I motori diesel moderni inquinano meno di quelli a benzina: lo studio

La rivista Quattroruote ha fatto queste dichiarazioni, sulla base di un complesso test realizzato a Milano

Secondo quanto ha anticipato l’autorevole rivista Quattroruote, in base a delle analisi che sono state svolte su strada nella città di Milano, i moderni motori turbodiesel Euro 6d inquinano meno dei motori alimentati a benzina a iniezione diretta.

Questo è quanto è emerso durante una conferenza stampa tenuta da Quattroruote, ma vedremo nero su bianco i risultati dei test nel prossimo numero della rivista. Secondo quanto è stato dichiarato, quindi, i motori diesel di oggi rispondono perfettamente alle esigenze di tutelare l’ambiente e la salute delle persone e, grazie allo sviluppo delle tecnologie e alla presenza di sistemi di trattamento dei gas di scarico molto efficaci e sofisticati, le emissioni di ossidi di azoto sono ridotte, come anche quelle di particelle sottili.

Le quantità sono al di sotto dei limiti di legge e addirittura inferiori a quelle emesse dai motori a benzina a iniezione diretta. I tecnici hanno collaborato con Bosch, Mercedes e con l’ente indipendente Innovhub SSI e hanno fatto così un confronto fra tre modelli, una A 200 d turbodiesel, una B 160 benzina e una C 300 de ibrida plug-in con propulsore a gasolio, ripetendo le misurazioni in condizioni di guida reale su strade urbane.

I valori medi del numero di particelle e di emissioni di ossidi di azoto allo scarico sono stati misurati con il Pems, apparecchiatura collegata allo scarico, e con un dispositivo MSS speciale. Quello che ne è emerso è che le emissioni del modello con motore turbodiesel erano inferiori rispetto a quelle dell’auto a benzina, sia per quanto riguarda i livelli di NOx che per quanto riguarda il PM, mentre il modello ibrido plug-in a gasolio è in vantaggio per gli NOx e invece e metà strada tra benzina e diesel per le particelle sottili.

Secondo quanto ha sottolineato Quattroruote, le tre auto che sono state testate hanno comunque fatto registrare livelli di emissioni inferiori rispetto a quello che è consentito dai limiti, non solo su strada, ma anche in laboratorio. “La Mercedes A 200 d ha fatto registrare 4,41 milligrammi al km di NOx nel test su strada e 3,4 microgrammi al metro cubo di polveri sottili a fronte di limiti di omologazione che sono rispettivamente di 114 milligrammi al km e 900 microgrammi al metro cubo nel caso dei test su strada e di 80 milligrammi al km e 600 microgrammi al metro cubo fissati come limiti nei ben più severi test in laboratorio”.

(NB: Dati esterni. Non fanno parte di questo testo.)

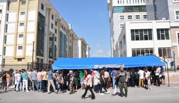 Bu yılın ilk 4 ayında adliyelere 2 bin 800 personel alan bakanlık, ek olarak 500 personel alımı için harekete geçti. Bu personelden 327'si Antalya Adliyesi'nde istihdam edilecek. İş başvurusu için sabah erken saatlerde Antalya Adliyesi'ne gelen yüzlerce kişi, sıcak havada uzun kuyruklar oluşturdu. 327 kişinin alınacağı kadro için 2 bin 67 kişi uygulamalı ve sözlü mülakat için kayıt yaptırdı. Antalya Büyükşehir Belediyesi'nin kurduğu çadırlarda ve yolda kendilerine sıra gelmesini bekleyenleri aileleri de yalnız bırakmadı. Kimisi adliye önünde dua ederken, kimisi de kaldırımda klavye ile yazım tekniğini geliştirmeye çalıştı.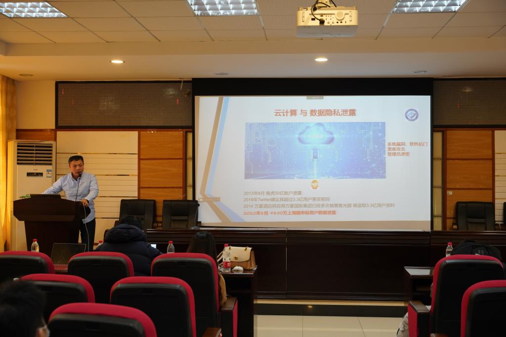 永利集团88304官网硕士生导师吴志强,针对云计算数据隐私保护技术问题,报告了云计算与隐私保护;密态云数据库、选择明文攻击与统计攻击;不经意随机访问机等内容。

La Mercedes B 160 a benzina, seppur efficiente, ha fatto registrare “4,69 milligrammi al km di NOx e 10,9 microgrammi al metro cubo di PM”. Gianluca Pellegrini, direttore di Quattroruote, ha commentato: “I risultati ottenuti non ci hanno meravigliato, perché essendo a costante contatto con tutte le novità sappiamo bene a che livelli di efficienza siano arrivati ora i motori a gasolio. Questo test, se mai ce ne fosse stato bisogno, ribadisce che è assurdo e controproducente demonizzare il diesel e bloccare i modelli con filtro antiparticolato, dall’Euro 5 in su, nelle situazioni di forte inquinamento. Ciò che è invece indispensabile è una politica di incentivazione alle rottamazioni, per togliere dalle strade i vecchi modelli a gasolio che sono invece inquinanti”.